◆ Assigned task:
In your copy, include every record exactly and no pictures.

◆ Data provided:
↓↓↓

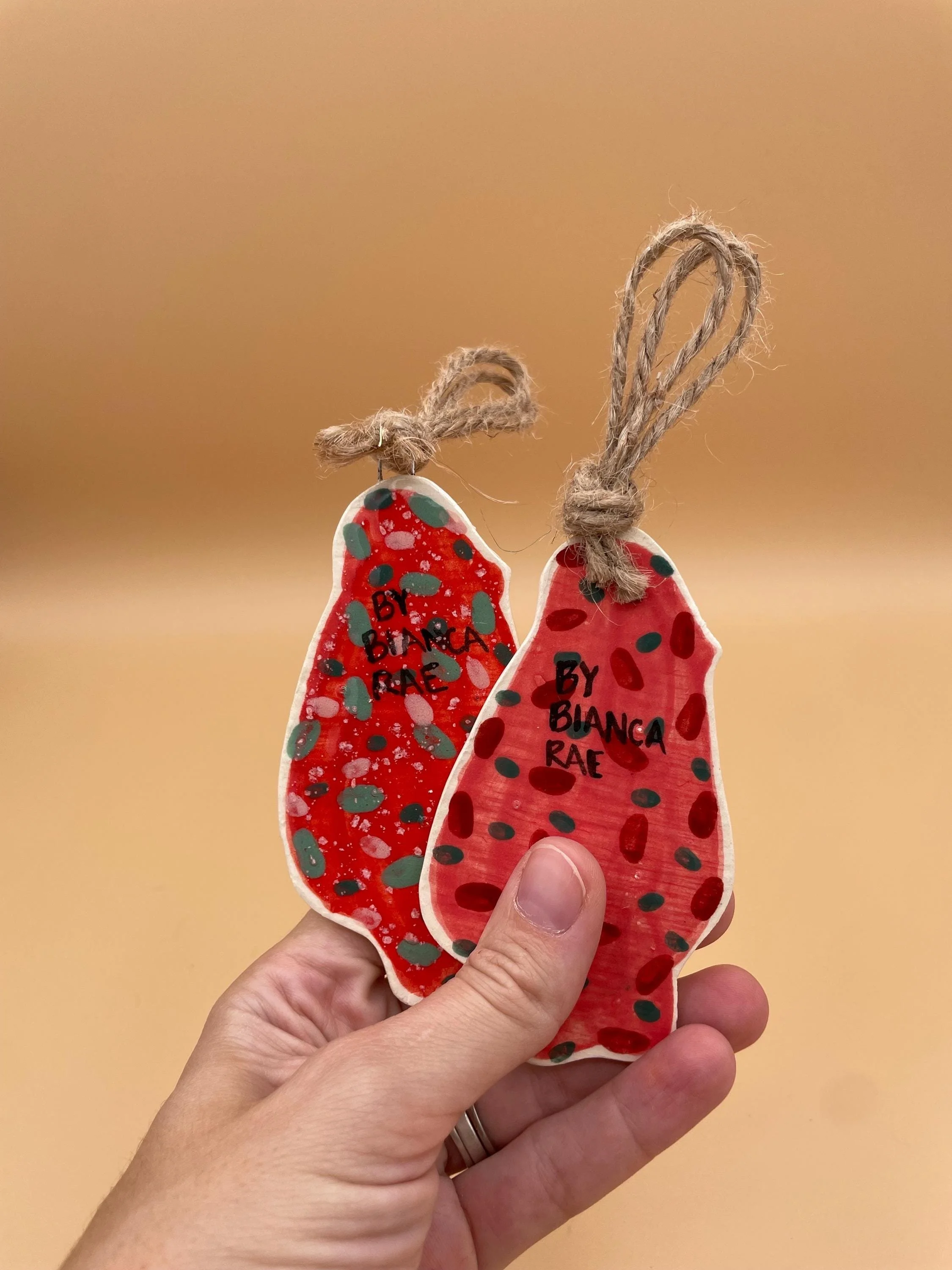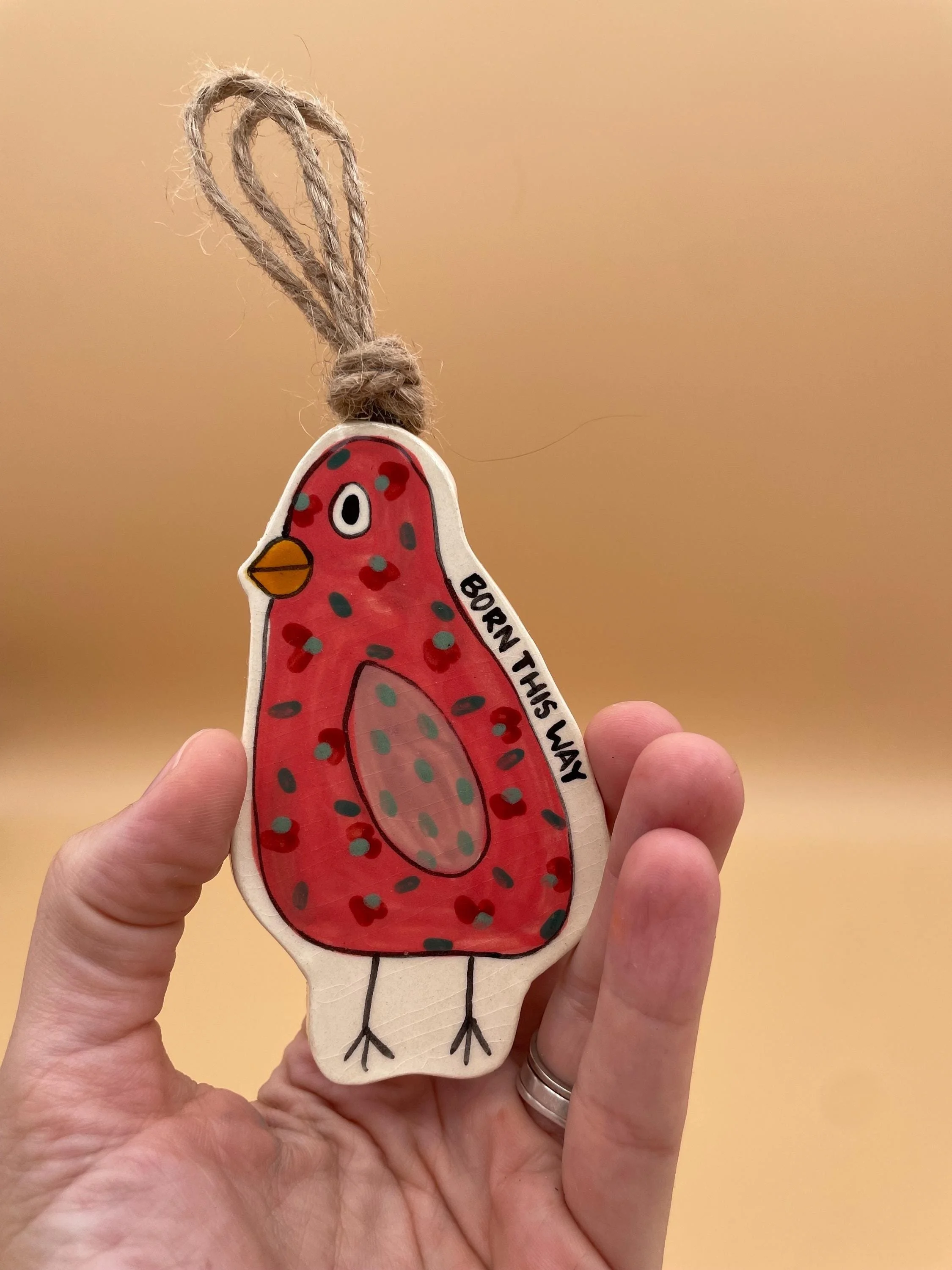 - Each ornament is one-of-a-kind – slight variations in painting, spotting, and feather placement add to the handmade charm
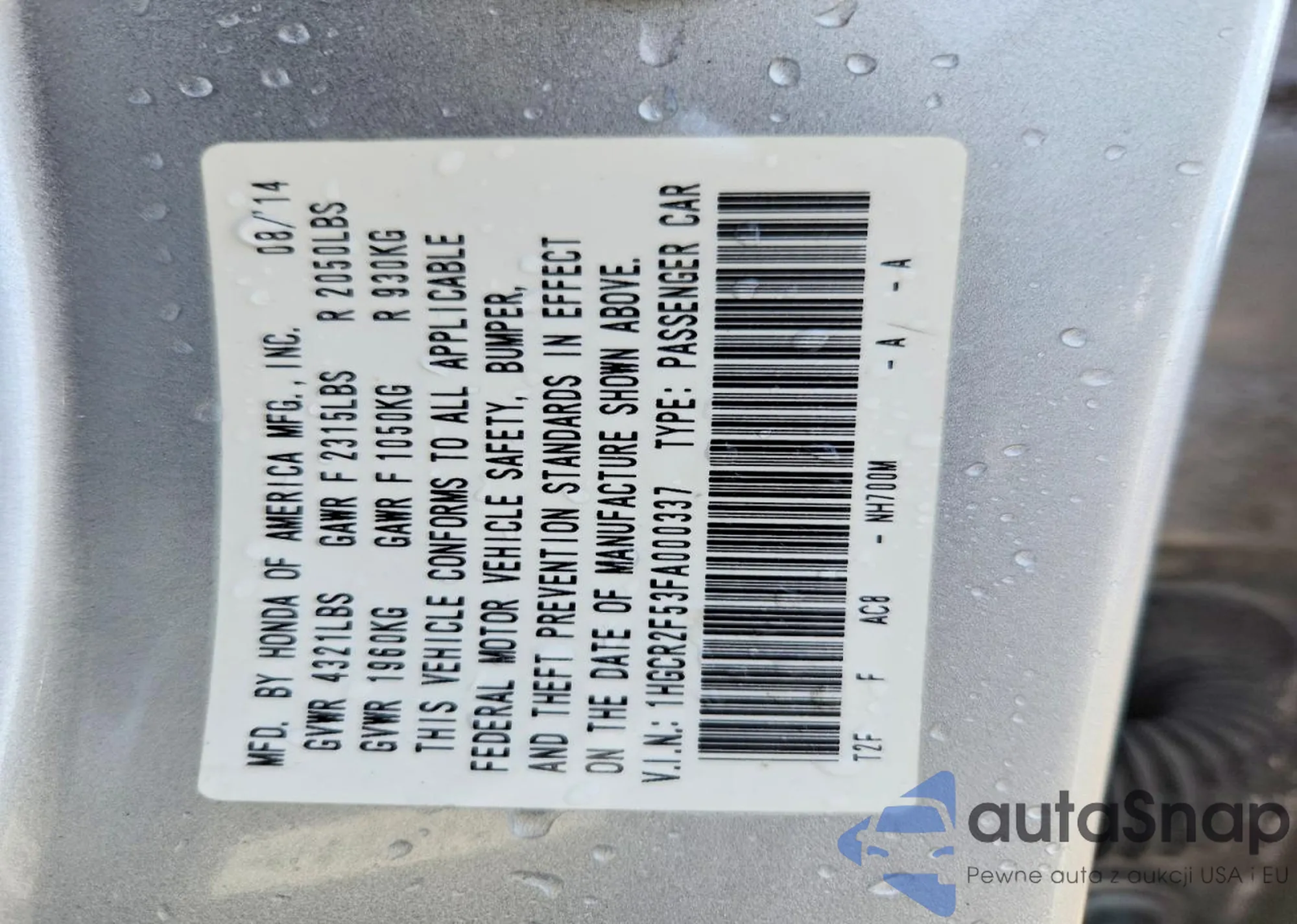 Samochód Honda Accord 2015 (VIN 1HGCR2F53FA000337) nie był wcześniej licytowany. Dokumenty są czyste, przebieg odpowiada lub jest niższy niż średnia rynku. Sprzedaje go firma ubezpieczeniowa – polecamy zakup. Dostawa do portu zajmie ok. 6–8 tygodni.
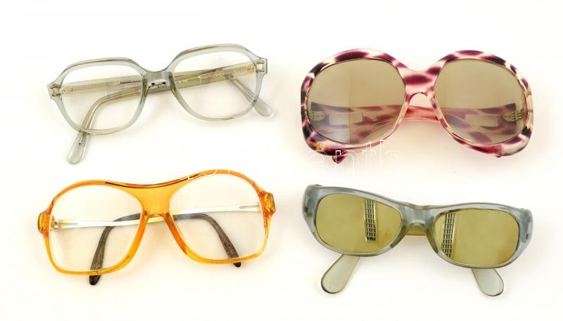 Beschreibung: 4 db retro szemüveg és napszemüveg, műanyag kerettel, változó állapotban
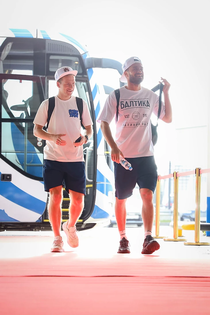 Что касается Калининградской команды, то она приехала на важнейший матч в атрибутике фан-шопа, вышла из автобуса на красную дорожку и устроила импровизированный, модный показ! По-моему, отличное продвижение своего мерча, радует, что такая активность есть и в Первой Лиге.
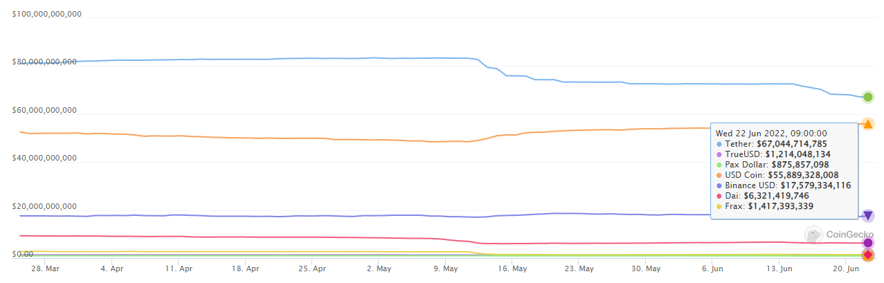 Tether一直试图增强人们对其稳定币的信心,包括在6月13日表示,加密货币市场上持续发生的涉及Terra和Celsius的灾难不会对其储备造成任何影响。尽管如此,投资者似乎正在向USDC迁移。
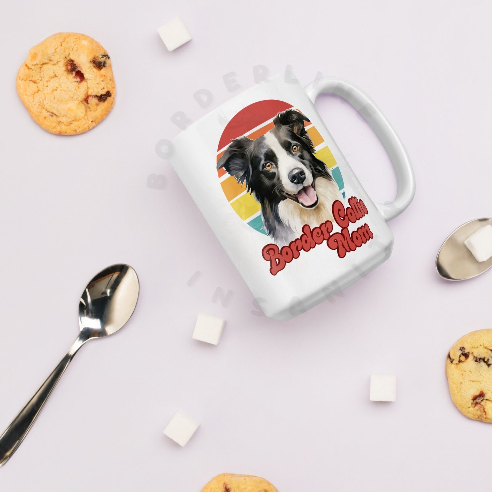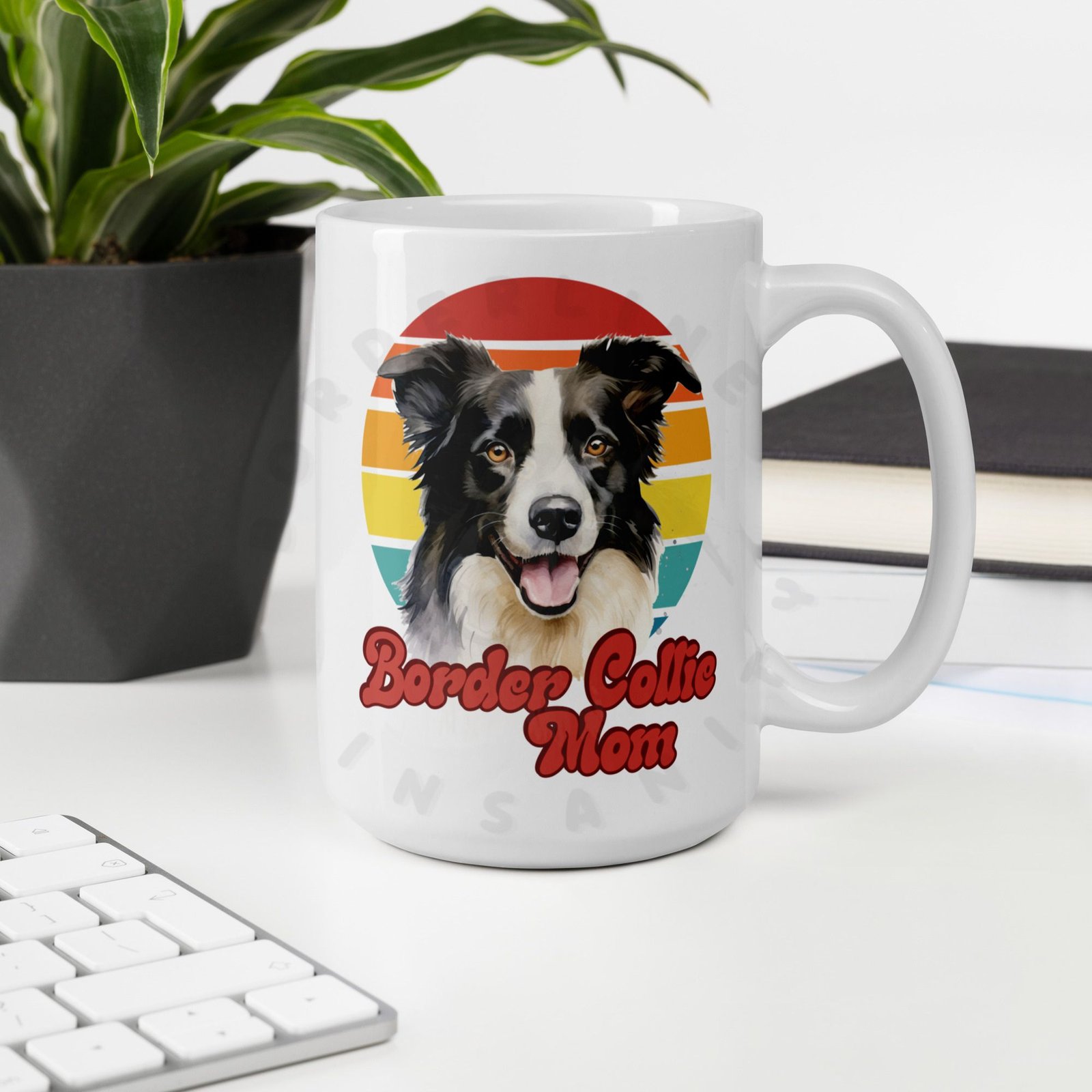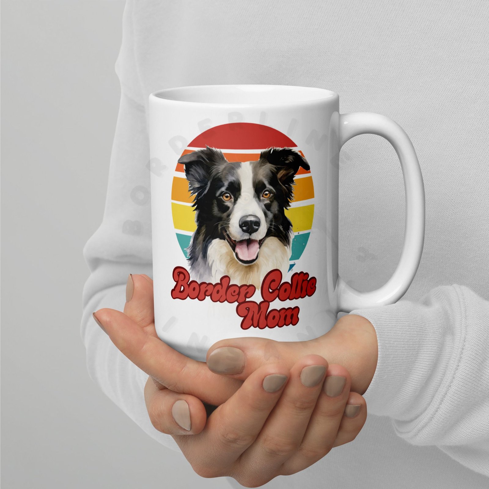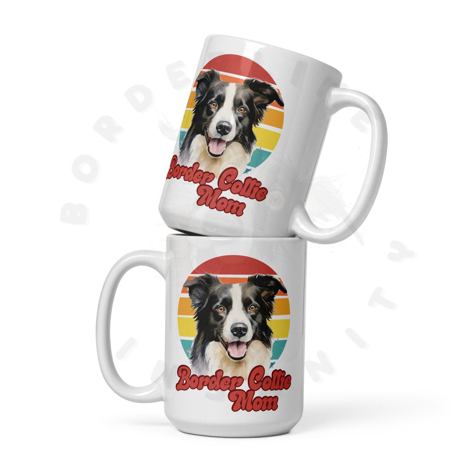 Border Collie Mom Mug | Retro Sunset Dog Mom Gift | 15oz Ceramic Coffee Mug
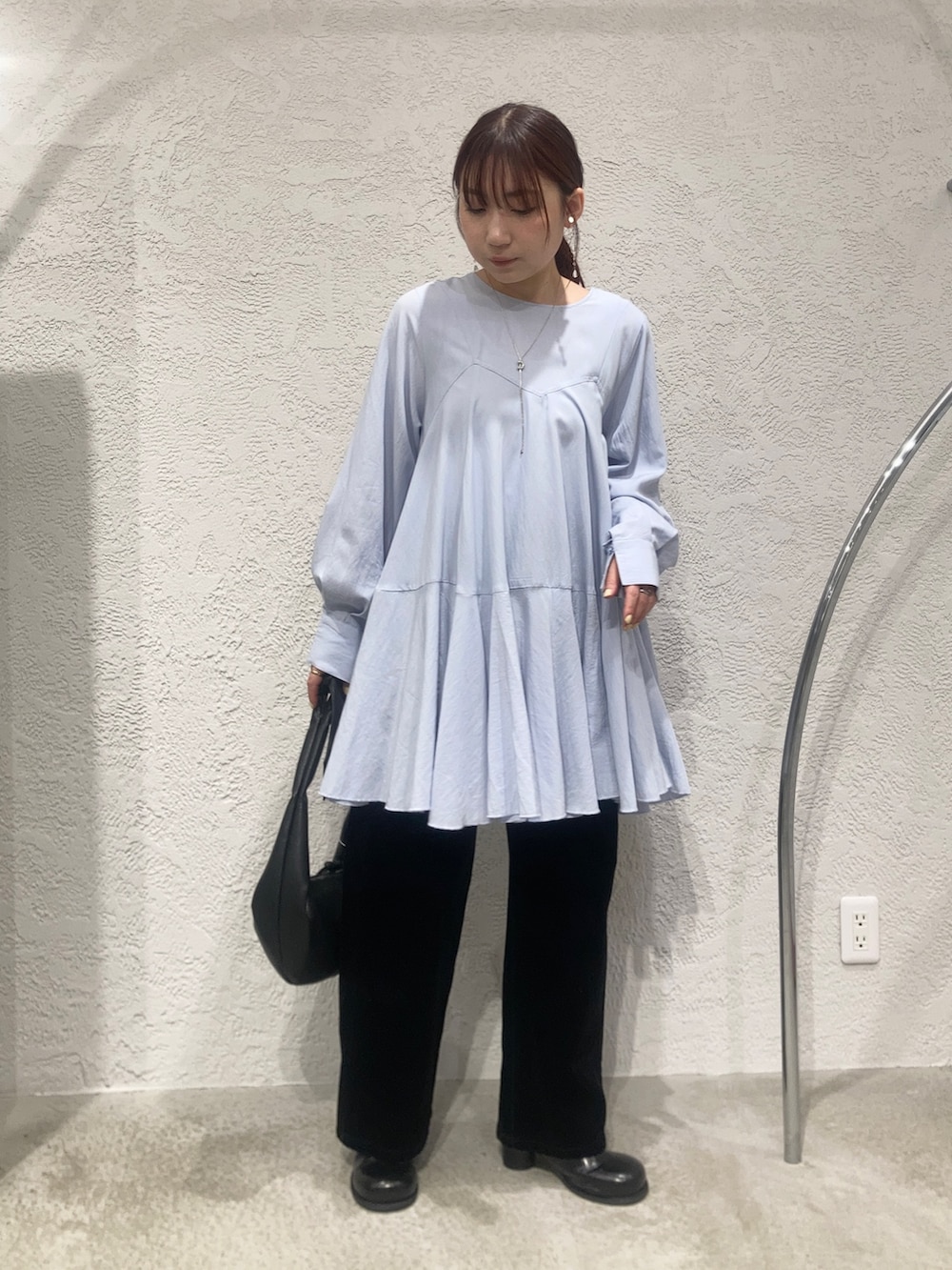 首元はすっきりとした印象で、裾にかけてたっぷりの生地でふんわりとボリュームが、くるくる回りたくなるかわいさです!
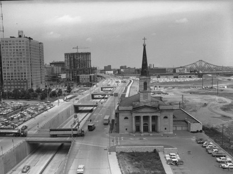 Your view today is northbound, the depressed section of I-70 at the Old Cathedral and emerging Gateway Arch grounds in 1965. The Mansion House Apartments can be seen under construction in the distance.
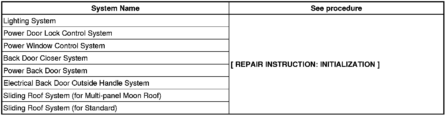 - When disconnecting the negative (-) battery terminal, initialize the following systems after the terminal is reconnected.

↑↑↑

◆ Response to this task:
 - Each ornament is one-of-a-kind – slight variations in painting, spotting, and feather placement add to the handmade charm
 Samochód Honda Accord 2015 (VIN 1HGCR2F53FA000337) nie był wcześniej licytowany. Dokumenty są czyste, przebieg odpowiada lub jest niższy niż średnia rynku. Sprzedaje go firma ubezpieczeniowa – polecamy zakup. Dostawa do portu zajmie ok. 6–8 tygodni.
 Beschreibung: 4 db retro szemüveg és napszemüveg, műanyag kerettel, változó állapotban
 Что касается Калининградской команды, то она приехала на важнейший матч в атрибутике фан-шопа, вышла из автобуса на красную дорожку и устроила импровизированный, модный показ! По-моему, отличное продвижение своего мерча, радует, что такая активность есть и в Первой Лиге.
 Tether一直试图增强人们对其稳定币的信心,包括在6月13日表示,加密货币市场上持续发生的涉及Terra和Celsius的灾难不会对其储备造成任何影响。尽管如此,投资者似乎正在向USDC迁移。
 Border Collie Mom Mug | Retro Sunset Dog Mom Gift | 15oz Ceramic Coffee Mug
 首元はすっきりとした印象で、裾にかけてたっぷりの生地でふんわりとボリュームが、くるくる回りたくなるかわいさです!
 Your view today is northbound, the depressed section of I-70 at the Old Cathedral and emerging Gateway Arch grounds in 1965. The Mansion House Apartments can be seen under construction in the distance.
 - When disconnecting the negative (-) battery terminal, initialize the following systems after the terminal is reconnected.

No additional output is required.